Memory is mixed. Very few benches show RSS increases, including interp/graphql-native +20.15%, yjit/fluentd +19.32%, and yjit/graphql-native +17.42%. Biggest RSS reductions are yjit/str_concat -42.45%, interp/psych-load -39.31%, and yjit/psych-load -38.07%, and RSS reductions are more often.
Updated by dsh0416 (Delton Ding) 9 days ago
- Description updated (diff)
Updated by dsh0416 (Delton Ding) 9 days ago
- File deleted (
changes.patch)
Updated by dsh0416 (Delton Ding) 9 days ago
- File changes.patch changes.patch added
Updated by dsh0416 (Delton Ding) 9 days ago
From the bench results, we could see some very positive signals in some benches, but it also introduces some regressions, I would try if I could further narrowing down the regressions.

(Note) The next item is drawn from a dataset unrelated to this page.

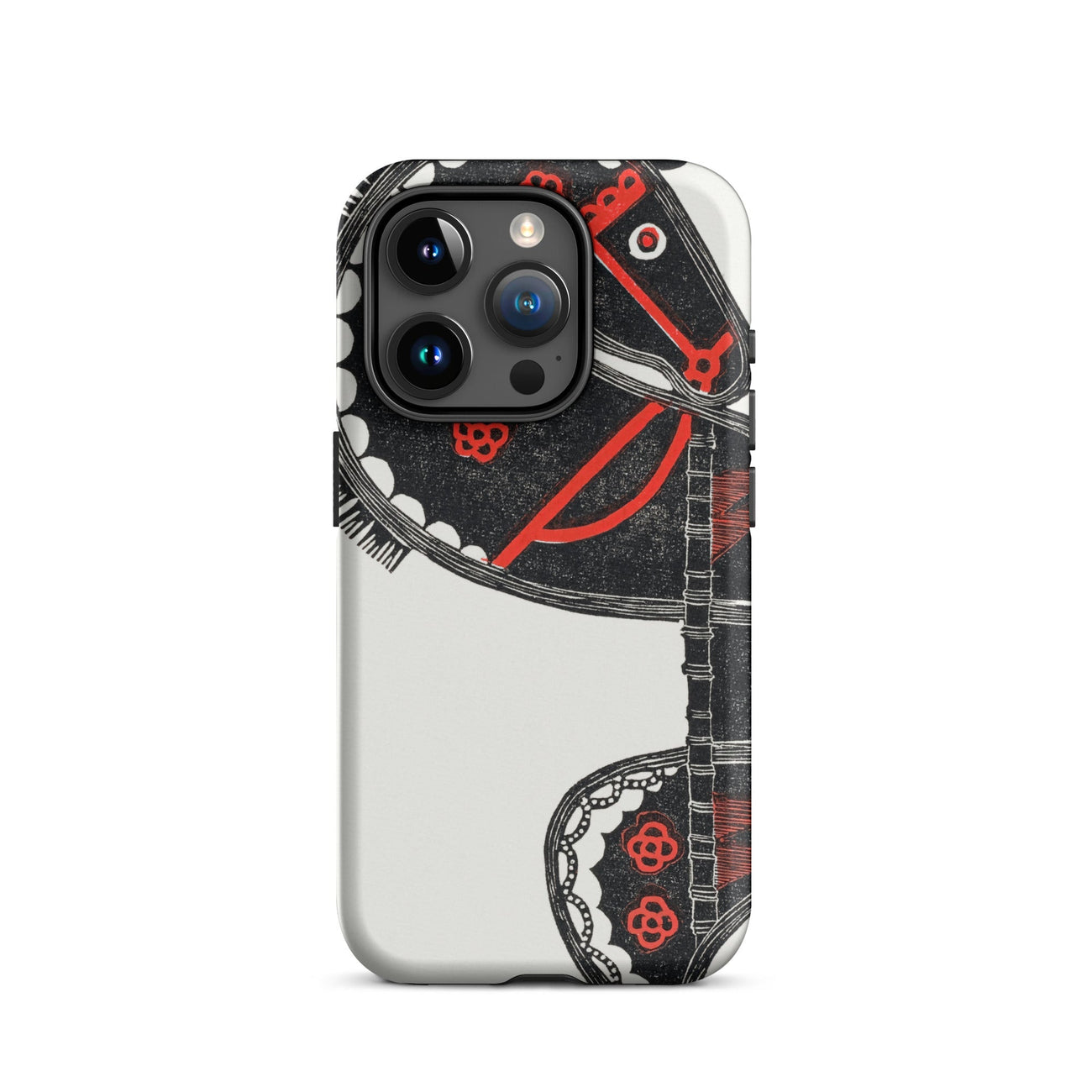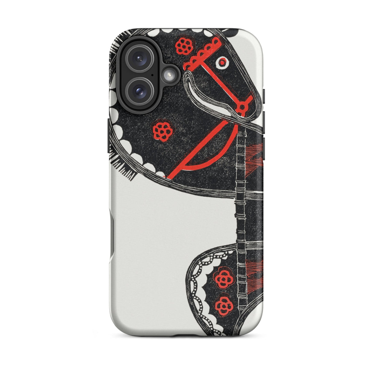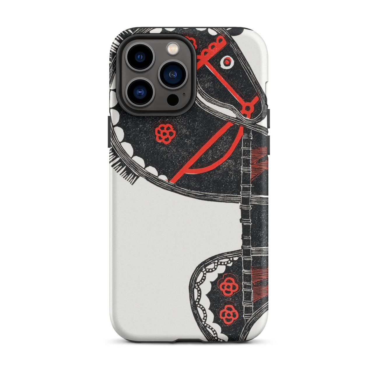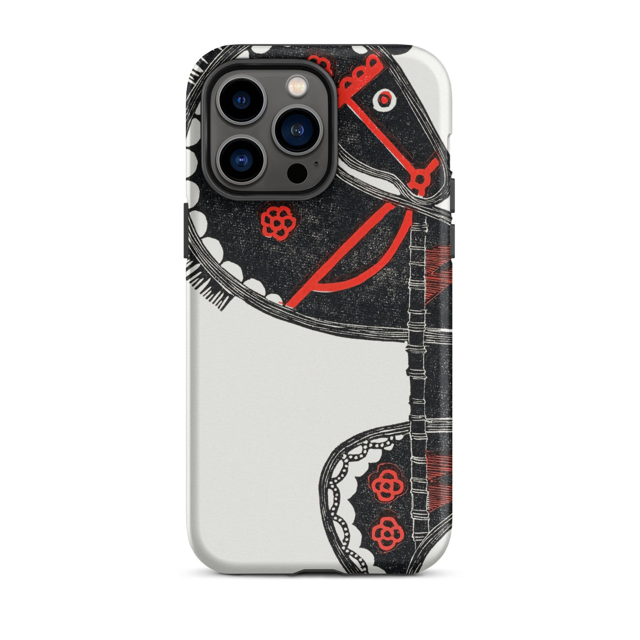 Cette coque protectrice transforme votre appareil en une toile de rébellion culturelle, où un cheval cérémonial danse sur un blanc éclatant, sa forme sculptée en lignes noires d'encre et ornée d'accents rouge vif.

Updated by dsh0416 (Delton Ding) 9 days ago
· Edited
Updated by dsh0416 (Delton Ding) 9 days ago
· Edited
- File memory_top_rss_changes.png memory_top_rss_changes.png added
- File time_by_test_violin_interp.png time_by_test_violin_interp.png added
- File time_by_test_violin_yjit.png time_by_test_violin_yjit.png added
- File changes.patch changes.patch added
The regression got better controlled with the new patch.



Updated by dsh0416 (Delton Ding) 9 days ago

The Student T test shows that the performance is almost identical, but the memory consumption is confidently lowered by about 3%.